Welcome to Obtaining Valid Consent in Optical Practice

Supporting Patient Autonomy Through Informed Decision‑Making
Welcome to this practical, professionally focused course designed for optical registrants and allied staff who need to obtain, assess and document valid consent in everyday practice. This course blends legal and professional standards with hands‑on communication strategies and exam‑focussed guidance so you can confidently support patient autonomy, meet GOC expectations and record decisions clearly.
What You Will Learn
- Legal and professional framework: GOC Standard 3, Mental Capacity Act 2005, Children Act 1989 / Gillick competence, Montgomery (2015) and relevant human rights considerations.
- The three essential elements of valid consent: capacity, information and voluntariness - and how to assess each in practice.

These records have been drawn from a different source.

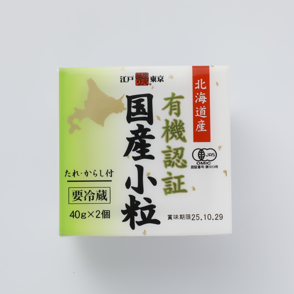 北海道産有機小粒大豆を100%使用。添付のたれ、からしには保存料・化学調味料・着色料は使用しておりません。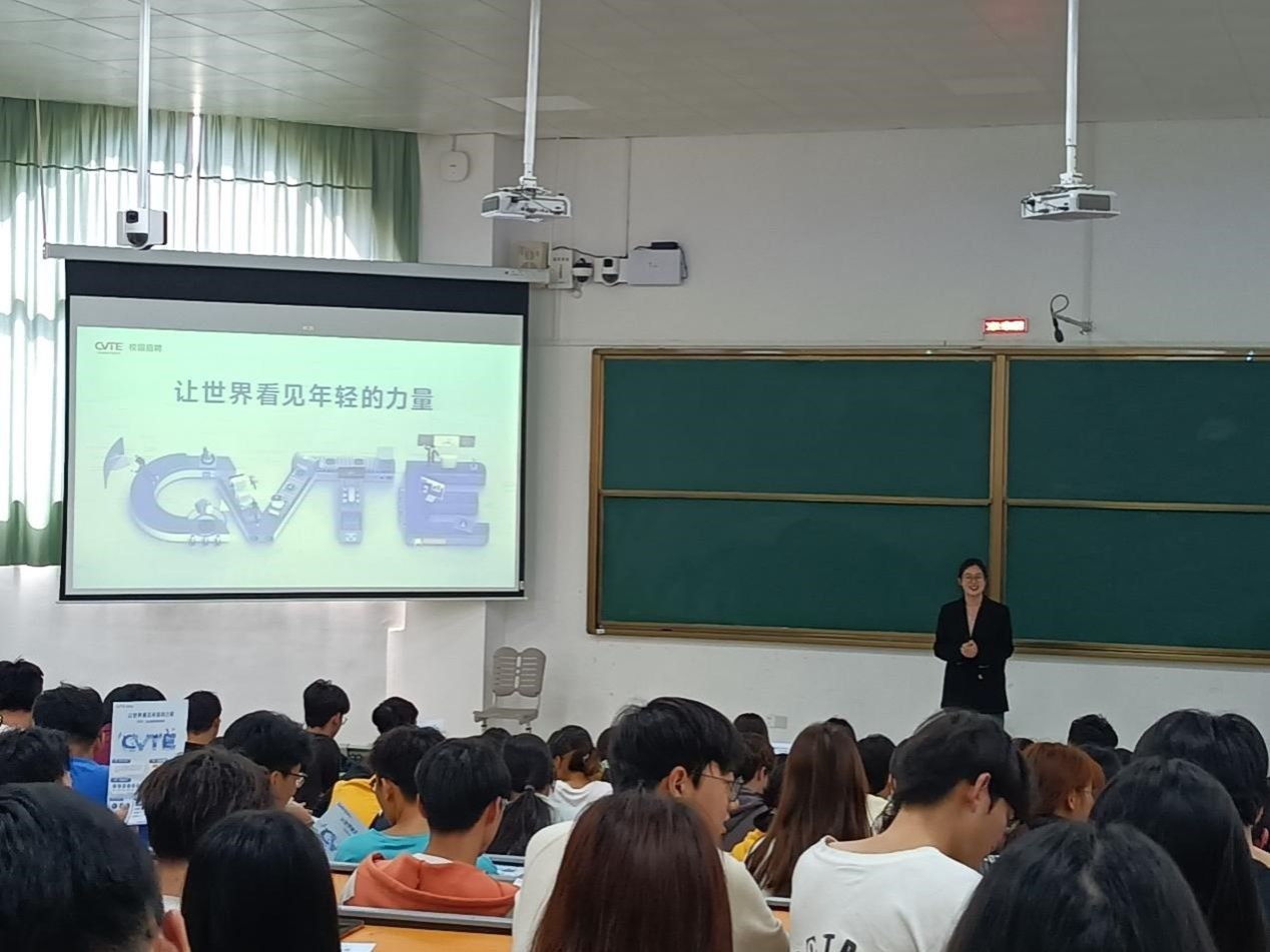 会上,全体同学先参与了CVTE广州视源电子科技股份有限公司的现场宣讲招聘会。通过宣讲会,同学们近距离了解企业,与企业宣讲负责人面对面交流,了解当前就业市场的需求和行业的发展趋势,认识到所学专业的不同岗位的职责和要求,提高同学们的职业规划意识,树立好在校期间的学习目标。此外,CVTE校招王经理鼓励大一软件工程专业的学生要根据自身兴趣、专业技能做好职业规划,明确自己未来求职目标,在竞赛和实践中不断提升自己的能力,帮助自己更好探索与之匹配的岗位。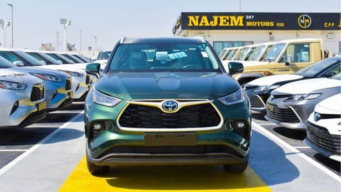 Brand new Toyota Highlander 2.5 L for sale in Dubai. Green 2023 model, available at Najem Motors FZE. This car has automatic transmission, 4 cylinder engine, 20″ wheels and grey interior. GCC specs.

- Types and forms of consent: implied, express (verbal/written) and specific consent - plus proportionality for routine vs higher‑risk interventions.
- Practical communication strategies: plain language, teach‑back, interpreters, visual aids, and adaptations for neurodiversity or sensory impairment.
- Safeguarding and when consent may be lawfully overridden: acting in best interests, safeguarding children and adults, and managing coercion.
- Documentation and record‑keeping: what to record (type of consent, information given, capacity assessment, voluntariness) and sample note entries.
- Real‑world scenarios and exam preparation: common sessional examples (sight tests, dilation, contact lens fitting, dementia, Gillick competence) with concise, exam‑ready responses.
Valid consent = Capacity + Adequate, tailored Information + Voluntariness. Always document what was explained, how understanding was assessed and any concerns about coercion - and use proportionality: implied for routine low risk, verbal for moderate risk, written for high‑risk/invasive procedures.
How This Course Will Help You
- Enhance patient‑centred practice by ensuring decisions reflect each patient's values and understanding.
- Reduce professional risk by following law and guidance, and creating robust contemporaneous records.
- Improve communication with diverse patients using practical adaptations and teach‑back for confirmed understanding.
- Equip you for exams and practical assessments with checklists, sample note entries and structured approaches to scenario questions.
- Enable you to manage challenging situations (fluctuating capacity, pressured decisions, children who may be Gillick‑competent) safely and lawfully.
Course Structure and Study Tips
- Work through modules that combine principles, practical prompts and short case scenarios.
- In answers and notes, structure responses around the three elements: assess capacity first (if needed), explain tailored information, and confirm voluntariness.
- Use the quick consent checklist in practice: what, why, risks, alternatives (including doing nothing), capacity, voluntariness, form of consent and documentation.
- When documenting, be specific: record the information given, evidence of understanding (patient's words where possible), type of consent and any safeguarding or best‑interests decisions.
- Practice concise sample entries and teach‑back phrases - examiners and colleagues value clear, practicable wording.
We are pleased you've chosen this course. By the end you will be better prepared to obtain valid consent that respects patients' autonomy, meets professional standards and stands up to scrutiny. Welcome - and good luck with your learning.